The UK economy shrank more than first thought between January and March, contracting 2.2% in the joint largest fall since 1979, official figures show.
The Office for National Statistics (ONS) revised down its previous estimate of a 2% contraction, with all the main economic sectors dropping.
There was a significant economic impact in March, as the coronavirus pandemic began to have an effect.
The data comes as the prime minister set out a post-lockdown recovery plan.
Boris Johnson said in a speech in Dudley, in the West Midlands, that there would be investment in infrastructure and schools.
Jonathan Athow, deputy national statistician at the ONS, said: “Our more detailed picture of the economy in the first quarter showed GDP shrank a little more than first estimated.
“Information from government showed health activities declined more than we previously showed.

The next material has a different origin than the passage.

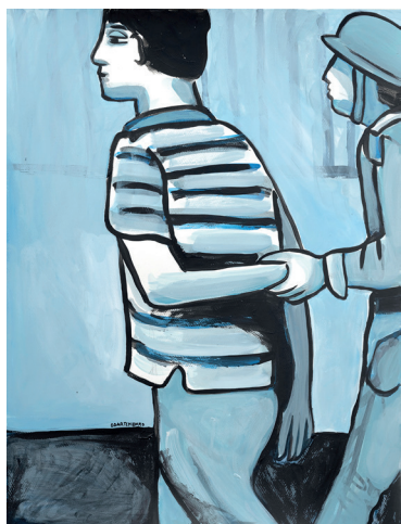
16 • Inocencia violada •

“All main sectors of the economy shrank significantly in March as the effects of the pandemic hit.”
The first-quarter contraction is now the joint biggest drop since the July-to-September period in 1979
Mr Athow said: “The sharp fall in consumer spending at the end of March led to a notable increase in households’ savings.” The new data showed that GDP contracted by 6.9% in March.
The first-quarter figures show that the services sector – which accounts for about three-quarters of UK GDP – shrank by a record 2.3%.
The ONS said production output fell by a revised 1.5% in the three months, driven by declines in manufacturing as factories temporarily shut down, while there was a fall in construction output of 1.7%.
The coronavirus lockdown only came into force on 23 March, so figures for the second quarter of the year will show the full hit on the economy.
Recent ONS monthly figures showed the economy plummeted by 20.4% in April – the largest drop in a single month since records began.
That contraction was three times greater than the decline seen during the whole of the 2008 to 2009 economic downturn.
Off the scale
It says something that the first quarter of the year was the worst for the economy in 41 years – and yet it was still barely a tenth the size of the contraction in activity in just one month – last April.
The figures put the government’s “build build build” announcement in perspective. The £5bn infrastructure spending being “brought forward” is not new money in any case. It was set aside in the pre-election manifesto at a time when the economy looked very different.
Compare it, say, to the £69bn it’s estimated that small businesses will lose in the pandemic because they’ve had to stop trading (according to research by small business insurers Simply Business). Or compare it to total public spending of more than £1,000bn, and it’s less than 0.5%.
Against the size of the economy based on the latest GDP numbers, the mooted infrastructure spend is more like 0.25%. The government’s going to have to spend a lot more than that to stimulate a recovery from a slump on this scale.
Samuel Tombs, chief UK economist at Pantheon Macroeconomics, said the latest figures could be summed up in one line: “The biggest contraction for 40 years, even though Q1 contained just nine lockdown days.”
The data “was just the prelude”, with worse to come, he added.
However, while economists are braced for a dire set of second-quarter figures, Howard Archer, at the EY Item Club, believes April’s sharp contraction is likely to have been the low point.
He predicted the economy would “return to clear growth in the third quarter with GDP expanding close to 10% quarter-on-quarter” as lockdown restrictions are eased further.
In a speech on Tuesday, Mr Johnson promised an “infrastructure revolution”, arguing the government needed to “work fast” to support jobs whilst also seeking to “level up” the economy so that all parts of the country can benefit.
He said the government would introduce “the most radical reforms of our planning system since the end of the Second World War” to speed up building and infrastructure projects where, he argued, the UK compares unfavourably with other European countries.
As part of what he called a “new deal”, the prime minister set out plans to accelerate £5bn of spending on infrastructure projects.
Meanwhile, separate ONS data on the nation’s finances showed that Britain’s current account deficit widened by more than expected in the first quarter.
The balance of payments deficit – the difference between the value of the goods and services that a country imports and the goods and services it exports – rose to £21.1bn, or 3.8% of GDP.
This means the UK is reliant on inflows of cash from abroad and leaves the pound vulnerable, according to Mr Tombs.
“Sterling almost certainly would depreciate sharply again if a major second wave of Covid-19 emerges or if the UK and EU fail to either sign a trade deal or to extend the transition period before the end of this year,” he said.